Once the line containing "- Cliquez sur" is found in the records below, return it and each following line exactly, up to and including the line containing "完成直播流的采访之后还有媒体", and nothing else.

▶ Entries provided
════════════════
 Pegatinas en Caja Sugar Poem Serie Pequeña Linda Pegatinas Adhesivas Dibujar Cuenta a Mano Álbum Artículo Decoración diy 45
════════════════
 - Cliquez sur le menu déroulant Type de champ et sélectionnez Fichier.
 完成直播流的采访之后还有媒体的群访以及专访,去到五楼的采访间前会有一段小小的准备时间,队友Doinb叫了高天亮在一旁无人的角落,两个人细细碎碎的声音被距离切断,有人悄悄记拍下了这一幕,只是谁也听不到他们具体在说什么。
════════════════
▶ Task answer
 - Cliquez sur le menu déroulant Type de champ et sélectionnez Fichier.
 完成直播流的采访之后还有媒体的群访以及专访,去到五楼的采访间前会有一段小小的准备时间,队友Doinb叫了高天亮在一旁无人的角落,两个人细细碎碎的声音被距离切断,有人悄悄记拍下了这一幕,只是谁也听不到他们具体在说什么。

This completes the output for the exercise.